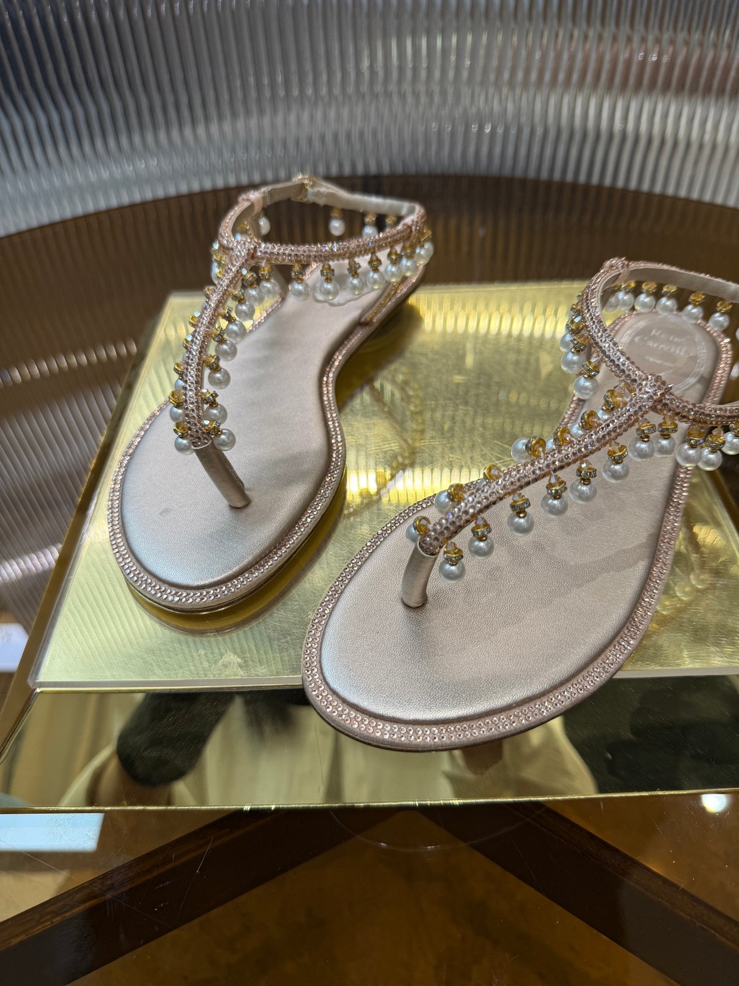 RC 25C Thong Diamond Flat Sandals Pink Silk Rhinestone 275774
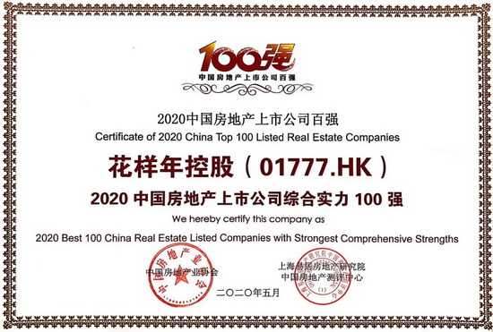 2020年5月26日,由中國房地產業(yè)協(xié)會、中國物業(yè)管理協(xié)會、上海易居房地產研究院中國房地產測評中心聯(lián)合主辦的“2020中國房地產及物業(yè)上市公司測評成果發(fā)布會”在上海?蘇寧寶麗嘉酒店隆重召開?;幽昕毓桑?1777.HK)憑借較強的綜合實力,榮獲“2020中國房地產上市公司綜合實力百強62名”,較去年排名再進4位。該測評自2007年開展至今已歷13年,花樣年控股自2009年上市以來,連年獲此榮譽。同時,花樣年控股旗下彩生活集團也位列“2020物業(yè)服務企業(yè)上市公司十強第7名”。
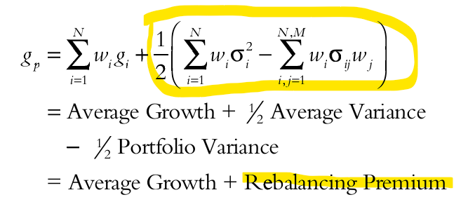 Av detta ser man att porföljen blir belönad av höga enskilda varianser (hög volatilitet) i första termen samt av låg totalvarians i andra termen, som åstadkoms av okorrelerade komponenter.
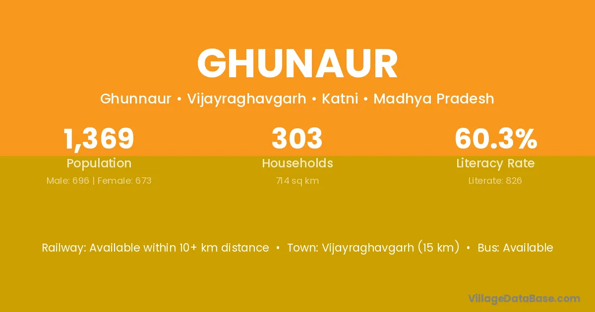 Vijayraghavgarh (15 km) is the nearest town to Ghunaur village for major economic activities and is located approximately 15 km away.
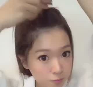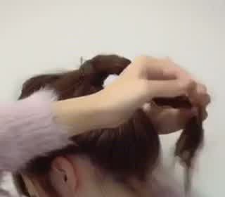 残っている髪の毛を三つ編みの上で束ねて、1つに結んでくるりんぱをします。
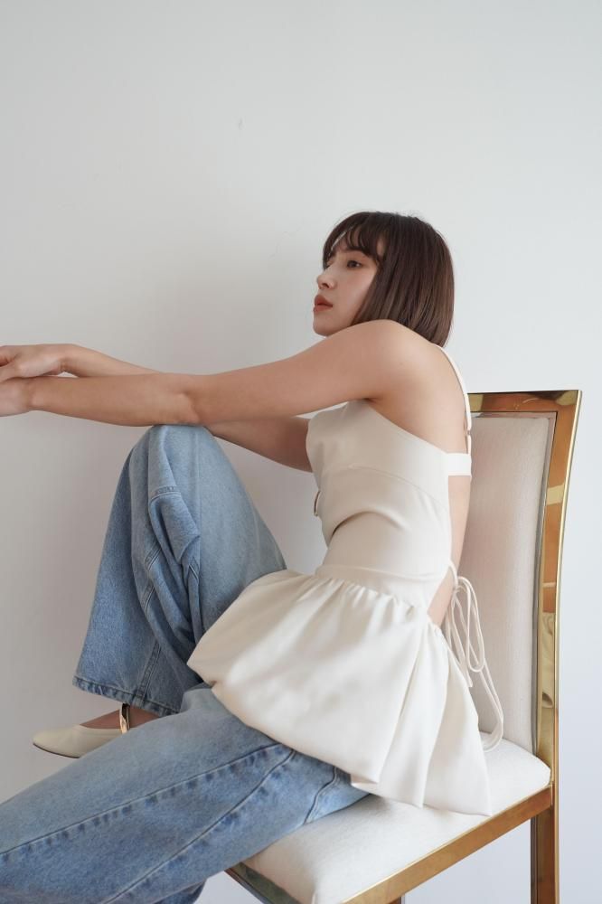 腰まわりは程よくフィットしつつ、裾に向かって丸みのある立体ワイドシルエット。
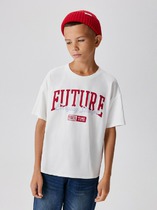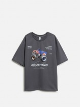 Футболка для мальчика из трикотажного полотна "кулирка-варенка", с короткими рукавами покроя "реглан", горловиной овальной формы, обработанной втачной планкой, и принтом в центре детали переда, выполненным в технике шелкографии. По швам реглана и горловине настрочены отделочные строчки.

* * * *

Aim of the task – The records above must be copied exactly, with no pictures carried over.

Task solution –
 RC 25C Thong Diamond Flat Sandals Pink Silk Rhinestone 275774
 2020年5月26日,由中國房地產業(yè)協(xié)會、中國物業(yè)管理協(xié)會、上海易居房地產研究院中國房地產測評中心聯(lián)合主辦的“2020中國房地產及物業(yè)上市公司測評成果發(fā)布會”在上海?蘇寧寶麗嘉酒店隆重召開?;幽昕毓桑?1777.HK)憑借較強的綜合實力,榮獲“2020中國房地產上市公司綜合實力百強62名”,較去年排名再進4位。該測評自2007年開展至今已歷13年,花樣年控股自2009年上市以來,連年獲此榮譽。同時,花樣年控股旗下彩生活集團也位列“2020物業(yè)服務企業(yè)上市公司十強第7名”。
 Av detta ser man att porföljen blir belönad av höga enskilda varianser (hög volatilitet) i första termen samt av låg totalvarians i andra termen, som åstadkoms av okorrelerade komponenter.
 Vijayraghavgarh (15 km) is the nearest town to Ghunaur village for major economic activities and is located approximately 15 km away.
 残っている髪の毛を三つ編みの上で束ねて、1つに結んでくるりんぱをします。
 腰まわりは程よくフィットしつつ、裾に向かって丸みのある立体ワイドシルエット。
 Футболка для мальчика из трикотажного полотна "кулирка-варенка", с короткими рукавами покроя "реглан", горловиной овальной формы, обработанной втачной планкой, и принтом в центре детали переда, выполненным в технике шелкографии. По швам реглана и горловине настрочены отделочные строчки.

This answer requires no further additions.